» **TASK BRIEF**
Copy the lines below, word for word, from the first through the line containing "5、把整个网站html静态页". Leave the pictures out.

» **DATA BLOCK**
+++++

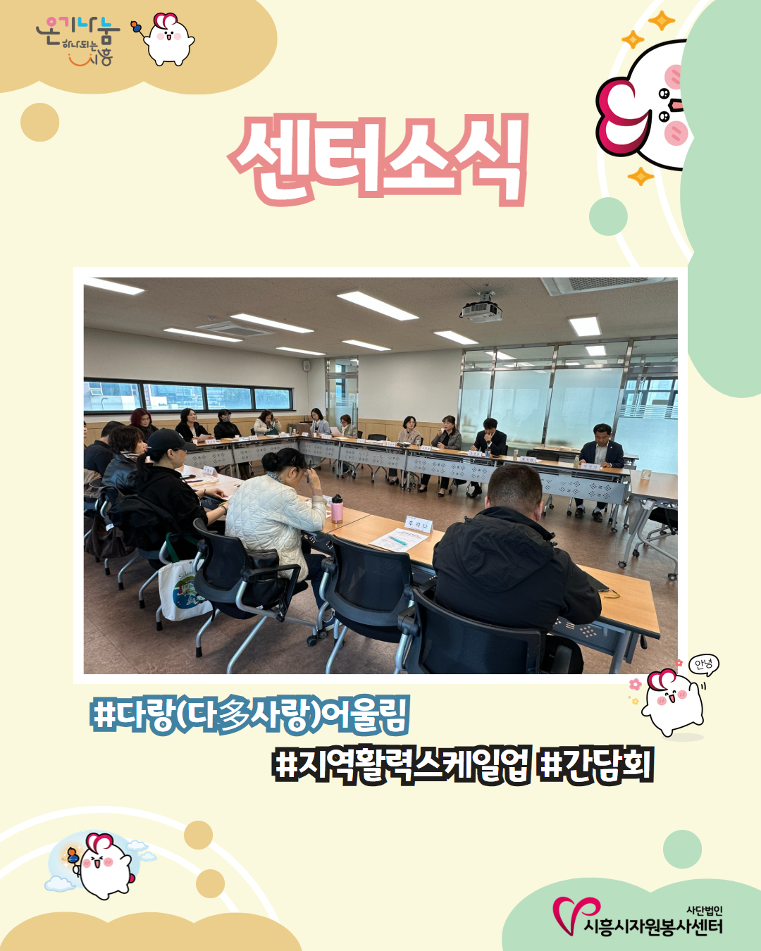 #시흥시자원봉사센터 #다랑다多사랑어울림 #시흥지역활력프로젝트 #네트워크간담회 #자원봉사 #시흥자원봉사 #스케일업 #한국중앙자원봉사센터 #지역활력스케일업 #지역활력스케일업프로젝트 #자원봉사단체 #다문화 #다랑어울림 #공모사업
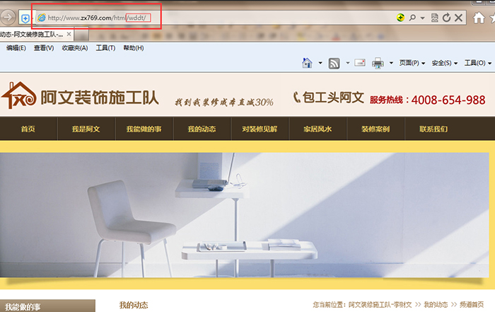 5、把整个网站html静态页面和首页进行生成,返回网站首页刷新点击我的动态,就可以看到修改的URL名称了。如图4
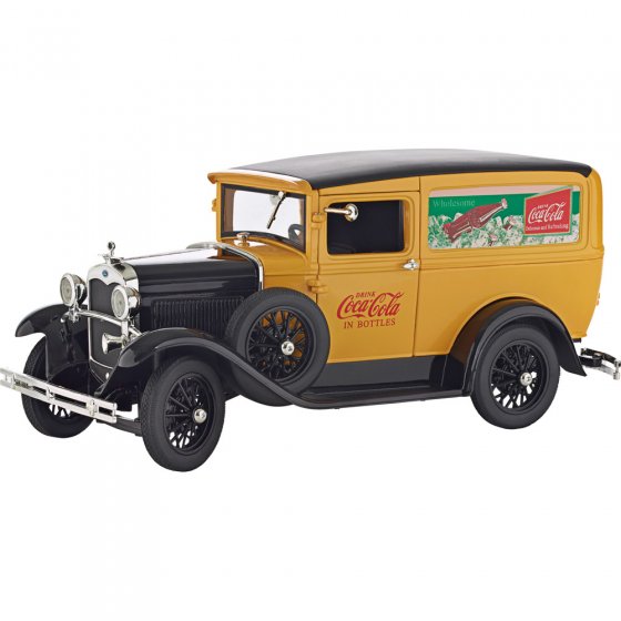 Mit dem Ford-Modell T, der „Tin Lizzy“, hatte Ford einen Millionenseller gelandet – und danach die Entwicklung neuer Modelle schlicht vernachlässigt. Ende der Zwanzigerjahre war es dann höchste Zeit für einen Nachfolger: Das Ford-Modell A wurde in aller Eile entwickelt und war daher kein technischer Meilenstein, es zeichnete sich aber durch beispiellose Robustheit und Anspruchslosigkeit aus. Ergebnis: Ford erkämpfte sich mit ihm die Marktführerschaft zurück. Noch heute gibt es über eine halbe Million fahrtüchtige Ford-A-Fahrzeuge! Das Modell FORD A LIEFERWAGEN „COCA COLA“ von 1931 ist aus Zink-Druckguss mit Anbauteilen aus Kunststoff. Es hat eine lenkbare Vorderachse und aufklappbare Türen; Heckklappe und Falt-Motorhaube lassen sich ebenfalls öffnen. Im Motorraum präsentiert sich der legendäre 40-PS-Vierzylinder-Motor. Abmessungen (L x B x H): ca. 23 x 10 x 10 cm. Ergänzen Sie Ihre Sammlung um Fords zweite Nummer eins!
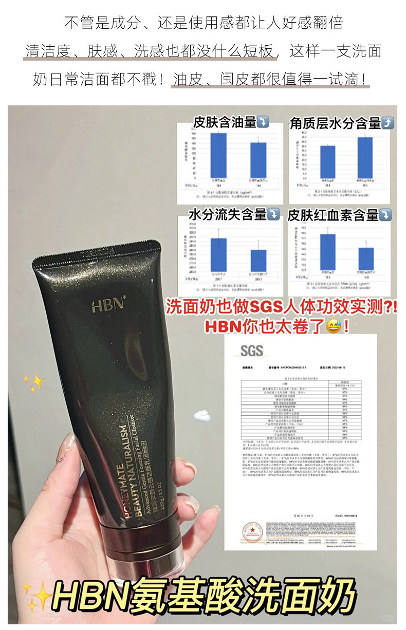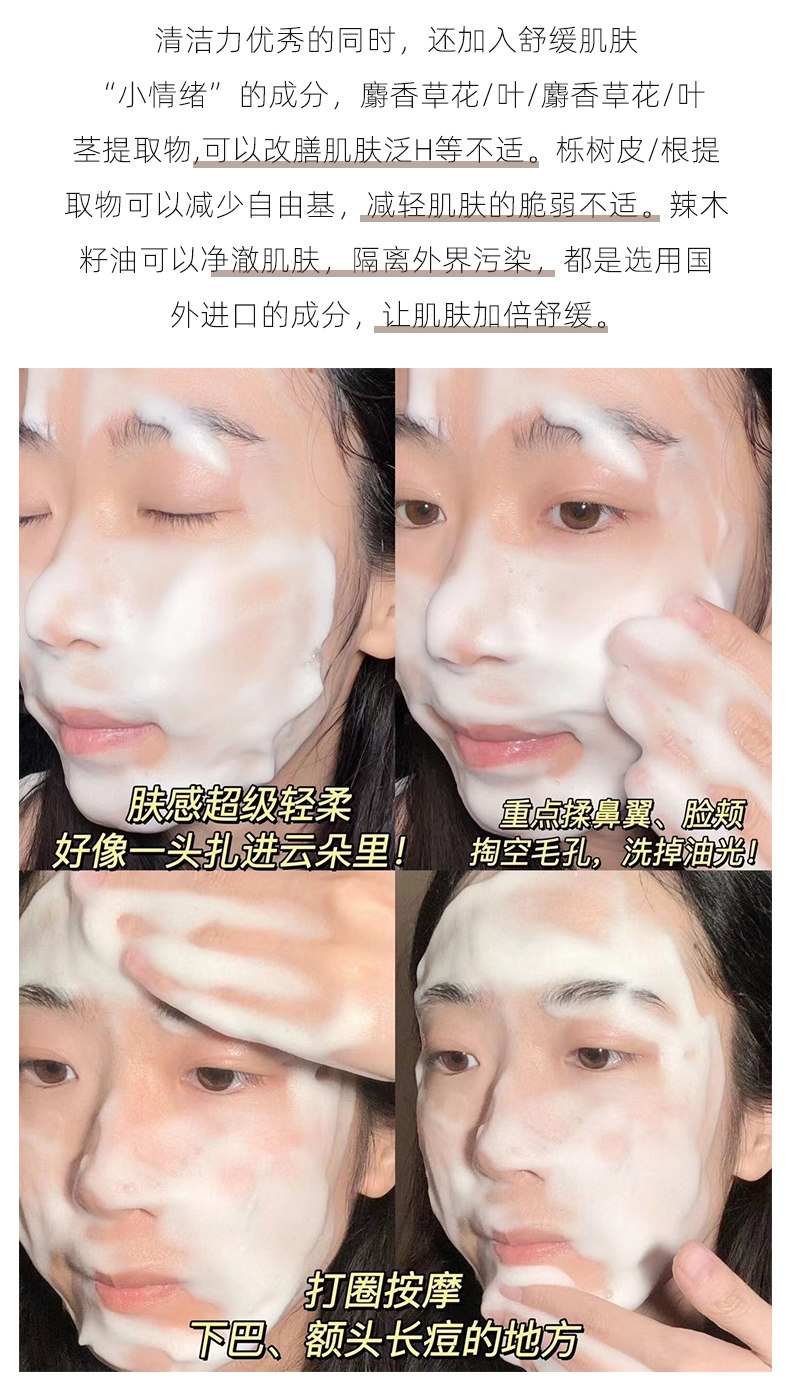 HBN氨基酸臻润安颜云感洗面奶洁面乳温和深层清洁毛孔100g

+++++

» **RESPONSE FOR THIS EXERCISE**
 #시흥시자원봉사센터 #다랑다多사랑어울림 #시흥지역활력프로젝트 #네트워크간담회 #자원봉사 #시흥자원봉사 #스케일업 #한국중앙자원봉사센터 #지역활력스케일업 #지역활력스케일업프로젝트 #자원봉사단체 #다문화 #다랑어울림 #공모사업
 5、把整个网站html静态页面和首页进行生成,返回网站首页刷新点击我的动态,就可以看到修改的URL名称了。如图4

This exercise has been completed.